Ce sont généralement grâce aux franchises que les studios font de l'argent. Alors que Disney peut compter sur Marvel et Star Wars devant son compétiteur Warner qui tente de rivaliser en misant sur DC Comics et la rencontre prochaine entre King Kong et Godzilla, Universal ne voulait pas rester seul dans son coin avec les Fast & Furious, fantasmant à développer des univers de monstres qui réuniraient Frankenstein, Dr. Jekyll et Mr. Hyde ainsi que le fameux Loup-garou. Sauf que devant l'échec retentissant du misérable The Mummy en 2017, le studio s'est ravisé. The Invisible Man n'allait pas être relié à ce monde obscur, agissant plutôt comme un épisode individuel. Sage idée... surtout qu'on aurait eu Johnny Depp dans le rôle titre!
Au lieu de ça, le scénario de ce reboot inverse la matière première du classique de H.G. Wells, s'intéressant plutôt au destin malheureux d'une femme (Elisabeth Moss) fragile émotionnellement qui semble halluciner un méchant homme invisible. Est-ce le cas ou seulement le fruit de son imagination? Voilà une question éternelle qui pimente le long métrage horrifique depuis ses premiers balbutiements. Encore dernièrement, elle était au coeur de productions très oubliables comme The Turning et The Grudge. Ce qu'il est agréable de jouer avec les doutes des spectateurs, de s'amuser à leurs dépens!
Cette matière première digne des meilleures séries B (pensons ici à Unsane de Steven Soderbergh) se voit gratifiée d'une fulgurante rencontre avec le réel. L'héroïne cherche à fuir un ancien amoureux violent qui revient constamment la hanter, de corps ou d'esprit. Il s'agit d'une victime qui tente de reprendre confiance en ses moyens afin de s'affranchir de ses traumatismes. L'homme invisible agissant ainsi comme ce passé omniprésent, prêt à la replonger dans le cycle de la peur. Surtout qu'il la manipule allègrement, usant du détournement cognitif - comme dans le récent The Lodge - afin de jouer dans sa tête. Une métaphore puissante qui résonne fort à l'ère du #MeToo, ajoutant une couche supplémentaire au simple récit d'épouvante.
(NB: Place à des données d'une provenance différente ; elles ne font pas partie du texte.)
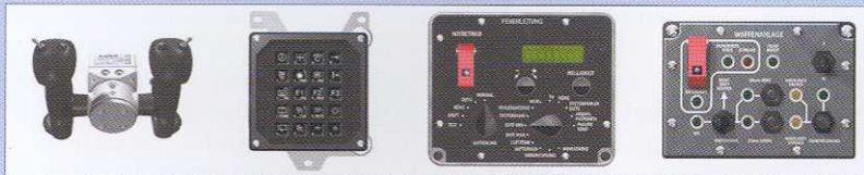
Left: The ITBs provide a very easy-to-use student interface based upon schematics of a vehicle's primary systems.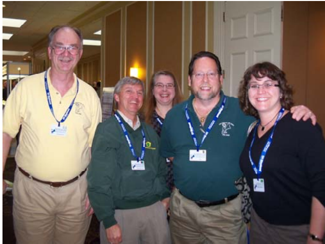
The Band from Boston

Another event-filled PDC has come and gone. Thanks to all who made this another great success. The PDC is always a great opportunity to gain knowledge, learn about new products, network with new friends, and catch up with old friends.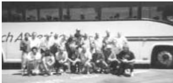
Laughlin stag outing - All smiles having fun.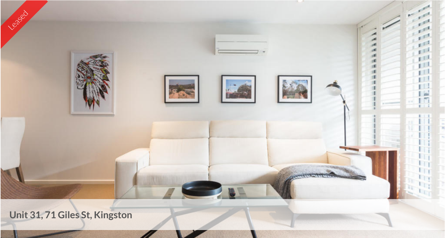
Unit 31, 71 Giles St, Kingston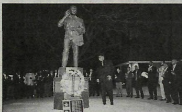
Members of Alpha Phi Alpha sing in honor fellow fraternity member Dr. Martin Luther King, Jr.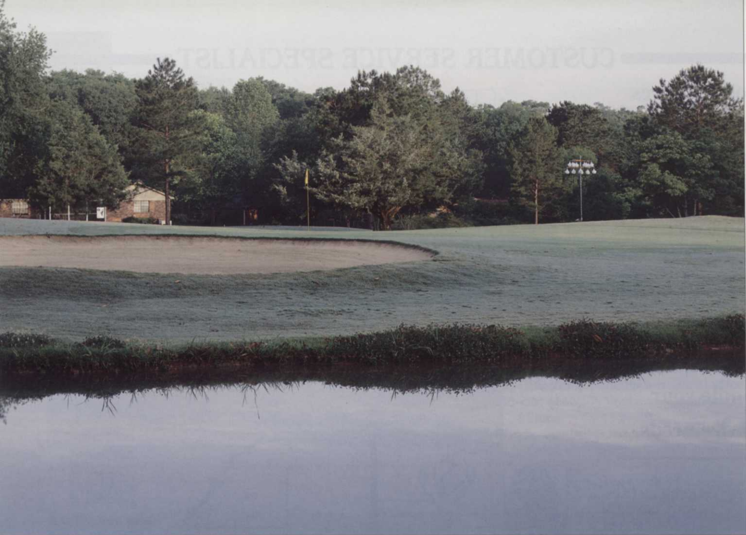
The first rays of sunrise begin to highlight the green on #1 South. Note the unusual purple martin house right of the hole.

“The aquatics will be a major part of the effort. All of the water hazards on the golf course are designed to capture runoff from the neighborhoods and act as stormwater retention ponds. Consequently, the water quality is of concern. We are testing the water and the sediments and taking an inventory of fish and invertebrate populations. We plan to aquascape the ponds to help improve the filtration of the runoff and to restock with fish and minnows as needed.”

Pour que tout cela soit crédible, il fallait une actrice à la hauteur. Cela tombe bien, l'excellente Elisabeth Moss est de presque tous les plans. La comédienne qui s'est forgée une réputation plus qu'enviable à la télévision n'a jamais vraiment pu prouver sa valeur au cinéma. Jusqu'en 2019, apparaissant au sein du jubilatoire Us tout en livrant la performance de sa vie dans Her Smell, qui aurait d'ailleurs dû lui valoir au moins une nomination aux Oscars. Elle représente l'âme de ce projet, sa force vitale. Même lorsque l'histoire ne fait plus aucun sens et que la finale déçoit, on pourra toujours compter sur sa présence.
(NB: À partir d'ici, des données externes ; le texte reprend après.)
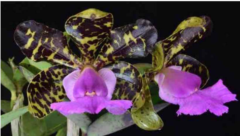
Left: Cattleya aclandiae 'Bodacious' AM/AOS, grown by Orchid Eros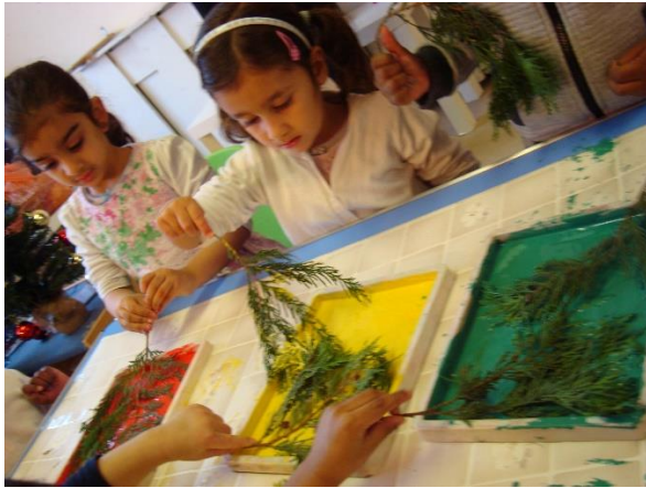
Painting with Leaves

Créateur des Saw et autres Insidious, le cinéaste Leigh Whannell s'y connaît en la matière. Il a toutefois dû s'éloigner du genre qui fait frissonner en plongeant tête première dans la satisfaisante science-fiction de Upgrade - une variation d'Ex Machina qui serait croisée avec RoboCop et Blade Runner - pour mieux y revenir. C'est ce qu'il avait besoin pour réinventer le film de «fantôme ». Celui où la terreur est constante - qui sait s'il n'y a pas un vilain qui va apparaître brusquement - et qui ne donne pas sa place non plus lorsque l'action mène le bal. Un travail divertissant à souhait, bien que le résultat traîne parfois en longueur.
En 2000, Paul Verhoeven reprenait ce mythe avec Kevin Bacon en offrant une version psychotronique, teintée de sexe et d'amoralité. Deux décennies plus tard, les choses ont bien changées et il s'agit d'une oeuvre chargée en émotions fortes où une femme fera l'impossible pour se libérer de la masculinité toxique qui l'entoure. Après The Assistant qui donnait la chair de poule, il s'agit d'un autre reflet implacable de son époque, imparfait mais ô combien terrifiant.